Lynch noted the political status quo of Middle Eastern nations that were part of the Arab Spring, including Egypt, Syria, Tunisia and Libya. The region continues to experience ongoing violence and instability.

“A way to look at this and to not give into existential despair is to see what happened in this so-called Arab Spring in early 2011 as a unique and extraordinary moment in a process that was developing for a decade,” Lynch said.

The Arab Spring was not a random occurrence but resulted from gradual technological development in the region, he said.

The protests brought changes that were “so profound and so deep” that it is impossible for the affected countries to return to their former regimes. The changes helped Middle Eastern people realize that they do not need to rely on their government as an information source, Lynch said.

Previously, governments in the region firmly controlled people’s access to information and created an atmosphere that discouraged the public from speaking against the regimes. The introduction of satellite television in the early 1990s, however, changed this trend, Lynch said.

He said that Al Jazeera, a channel that originally broadcast local news in the Middle East, has contributed most significantly to this change by exposing the general population to information that the government hid.

“No longer does it matter that you are on this one neighborhood in Cairo and nobody else knows what is going on,” he said. “People in Alexandria, people in other side of Cairo, they see it too. This far predates the so-called Arab Spring. A lot of people think that the Arab Spring came out of nowhere but it’s not like that at all.”

Lynch said change continued as other private and public channels made more information about regional governments accessible to the public.

“Not because the Internet comes out of nowhere, but because it layers on top of these other changes where now you have first blogs, then Facebook, then Twitter and YouTube, all these other ways of sharing and disseminating information,” Lynch said. “All of this means that people can share information, they become almost completely independent from states as a source of information, and states fundamentally lose their ability to control or at least to shut off that flow of information.”

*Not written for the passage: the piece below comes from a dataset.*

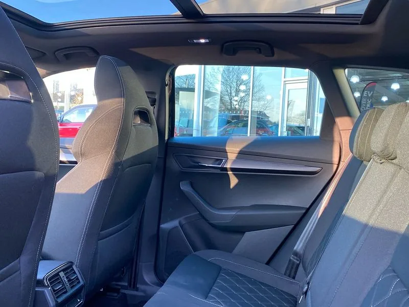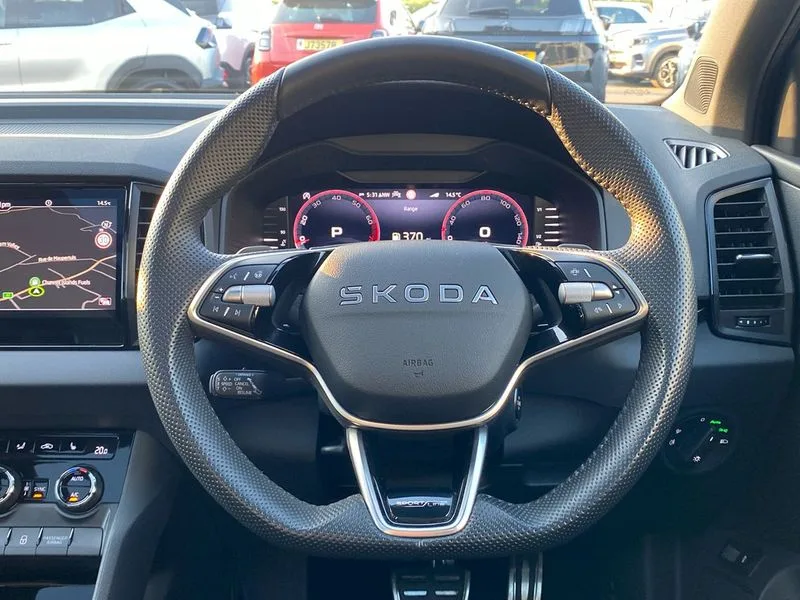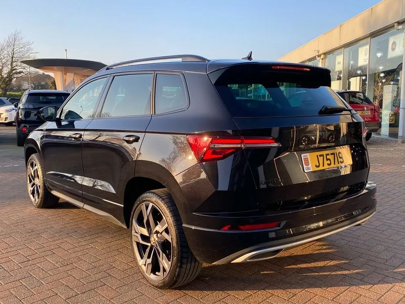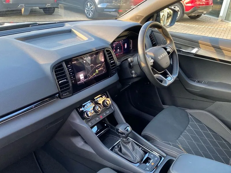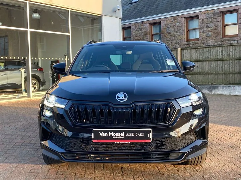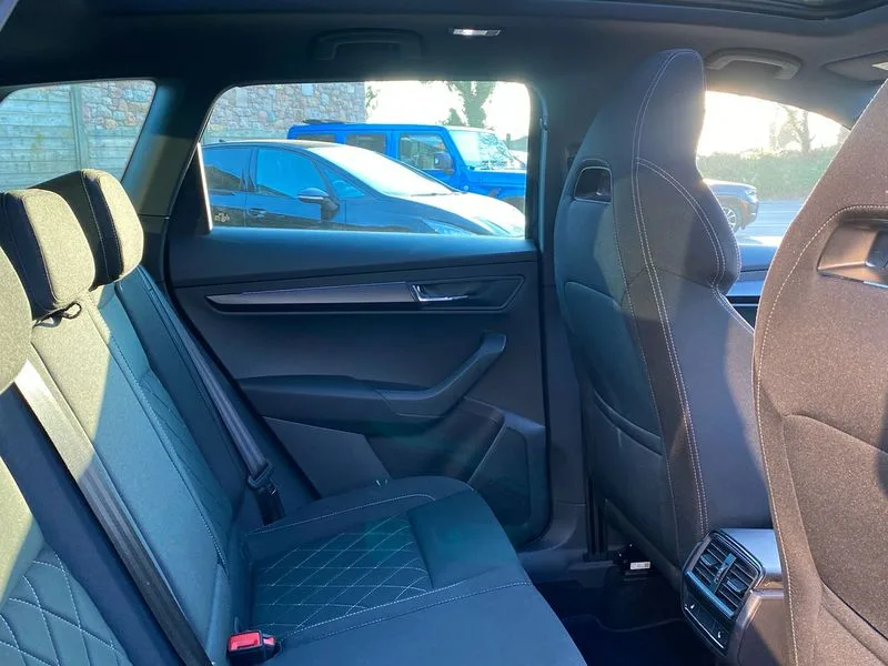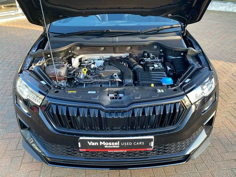 • Advanced driver attention and drowsiness monitor • Emergency services call system • Outside temperature gauge • Sensor for driver assistance systems • Service interval indicator • SmartLink wireless for Apple and wired for Android • Start/stop system with regenerative braking • Traffic sign recognition • USB C Port x 2 in front centre console • Virtual Cockpit - 10.25" digital display • Virtual pedal with electrically operated boot door • Wireless smartphone charging • DAB radio with Bluetooth • USB connection • Acoustic glass • Aero front windscreen wipers with intermittent function • Auto dimming rear view mirror with light and rain sensors • Black door mirrors • Black electric window control buttons • Black radiator grille • Black roof rails • Body colour door handles • Electric front and rear windows with child proof lock • Extended rear roof spoiler • Front door steps with SportLine logo • Heated rear windscreen • LED daytime running lights • LED rear lights with high functionality welcome effect and dynamic indicators • Light assistant (coming/leaving home/tunnel light) • Panoramic sliding sunroof • Plastic scuff plates in door apertures • Privacy glass • Protective door side sills in body colour • Rear diffuser • Rear side wing doors • Rear window wiper with washer system and intermittent control • Safety reflectors on front doors • Skoda lettering on tailgate in black • Sportline badge on front fender • Sports front and rear bumpers • Third brake light • Unique dark chrome design logo on alloy wheels • 1.5 litre bottle holders in driver and front passenger door panels • 12V socket in boot • 12v socket in front centre armrest with storage compartment and rear air vents • 2 x Tablet holder • 3 rear height adjustable headrests • 3 seat bench in 2nd row • 3 spoke sports leather heated multifunction steering wheel with DSG paddles • 4 foldable roof handles with rear coat hooks • Black floor carpet • Cargo elements in boot • Chrome inner door handles • Foldable hooks in the boot • Front head restraints • Height adjustable front three point seats belts with tensioners • Height/reach adjust steering wheel • Ice scraper • Illuminated glovebox • Illuminated luggage compartment • Isofix child seat preparation for front passenger seat • Isofix child seat preparation outer rear • Manual lumbar support for front seats • Pen holder • Pollen filter • Rear backrest release from boot • Rear boot cover • Rear package tray • Rear reading lights • Rear seats fixed folding and divided 60:40 • Rubbish bin door • Safety vest holder • Single front passenger seat • Skoda lettering on steering wheel • Sportline decorative inserts • Storage box in upper central dashboard closed • Sunvisors with illuminated vanity mirrors • Textile floor mats • Ticket holder • Titan black interior ceiling • Umbrella under passenger seat • Under passenger seat storage compartment • Columbus pack - Karoq • LED Interior lighting pack with Skoda welcome logo - Karoq • Light Pack - Karoq • Non Smokers pack • Performance pack - Karoq • Winter plus pack with heated front and rear seats - Karoq • Automatic door unlocking in case of crash • Automatic fuel cut off in case of crash • Driver airbag • Electronic parking brake with auto hold function • Emergency rear braking signal • ESC (incl. ABS+MSR+ASR+EDS+HBA+DSR+RBS+MKB) • Front side airbags • Head airbags • Hill hold control • Knee airbags • Passenger airbag with switch-off function • Pedestrian monitor • Power operated child safety locks • Seatbelt reminder signalisation and pretensioner for all seats • Three point seatbelts rear • Two tone horn • Tyre pressure monitor • Alarm with interior monitoring, back up horn and tilt sensor with safe function • Electronic engine immobiliser • Keyless entry and start/stop • Remote central locking with 2 remote folding keys • Black air vent surround • Black centre console • carbon door decor • Satin black dashboard • Satin black door trim • 19" Sagittarius anthracite alloy wheels • Anti-theft wheel bolts protection • Breakdown and tool kit

Exposure to previously concealed information altered public expectations, he said. Civilians can see the similarities between their own stories and the stories of those in other countries, inspiring them to promote change, Lynch said.

During the Arab Spring, civilians’ sense of common narrative was shattered, Lynch said. While the uprisings initially united the elites with ordinary people, by the end, participating nations faced different outcomes, destroying the sense of unity they had previously enjoyed. Sectarian movements intensified the disintegration and exacerbated people’s fears, making them more susceptible to manipulation by regimes, he said.

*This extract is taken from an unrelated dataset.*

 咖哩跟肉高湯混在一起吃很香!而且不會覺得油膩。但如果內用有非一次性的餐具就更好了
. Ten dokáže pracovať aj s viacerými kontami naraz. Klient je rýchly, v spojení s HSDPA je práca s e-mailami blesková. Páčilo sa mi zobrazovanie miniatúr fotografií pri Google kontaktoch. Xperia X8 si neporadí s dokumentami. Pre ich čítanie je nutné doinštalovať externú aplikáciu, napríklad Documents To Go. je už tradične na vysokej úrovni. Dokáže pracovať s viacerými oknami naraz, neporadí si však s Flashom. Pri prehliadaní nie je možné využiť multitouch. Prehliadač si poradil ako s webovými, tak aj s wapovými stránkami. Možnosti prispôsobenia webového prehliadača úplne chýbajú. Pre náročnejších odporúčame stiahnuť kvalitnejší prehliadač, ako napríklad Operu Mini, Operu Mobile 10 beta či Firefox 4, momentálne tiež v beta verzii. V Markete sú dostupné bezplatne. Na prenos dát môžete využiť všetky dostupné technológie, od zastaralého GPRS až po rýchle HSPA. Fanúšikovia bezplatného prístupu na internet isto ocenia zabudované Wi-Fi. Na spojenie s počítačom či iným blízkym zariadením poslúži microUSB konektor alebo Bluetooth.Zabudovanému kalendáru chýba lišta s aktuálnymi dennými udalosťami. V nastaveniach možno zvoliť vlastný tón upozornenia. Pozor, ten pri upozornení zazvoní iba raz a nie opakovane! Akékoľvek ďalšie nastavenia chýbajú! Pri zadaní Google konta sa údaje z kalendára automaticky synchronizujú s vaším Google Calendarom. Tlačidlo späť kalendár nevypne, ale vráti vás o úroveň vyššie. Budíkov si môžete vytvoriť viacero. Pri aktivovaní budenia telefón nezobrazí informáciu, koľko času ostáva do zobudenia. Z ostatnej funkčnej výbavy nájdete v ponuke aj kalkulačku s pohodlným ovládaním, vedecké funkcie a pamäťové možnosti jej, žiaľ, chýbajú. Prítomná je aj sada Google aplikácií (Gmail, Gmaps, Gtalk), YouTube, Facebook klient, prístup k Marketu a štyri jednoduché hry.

Social media also contributed to this disintegration, and regimes now use the media to spread propaganda, he said.

“If the big meta-message is ‘Don’t despair because the big structural changes are in direction of change,’ the smaller meta message is ‘Change does not mean change for the better,’” Lynch said.

Slok Carpenter ’16 appreciated Lynch’s positive outlook.

“You do get this whole doom and gloom expression — the world is going to end and everybody will kill each other — but it was nice to see that there still is a chance,” he said.

Lynch’s lecture, “After the Arab Spring,” was sponsored by the Dickey Center’s War and Peace Studies program.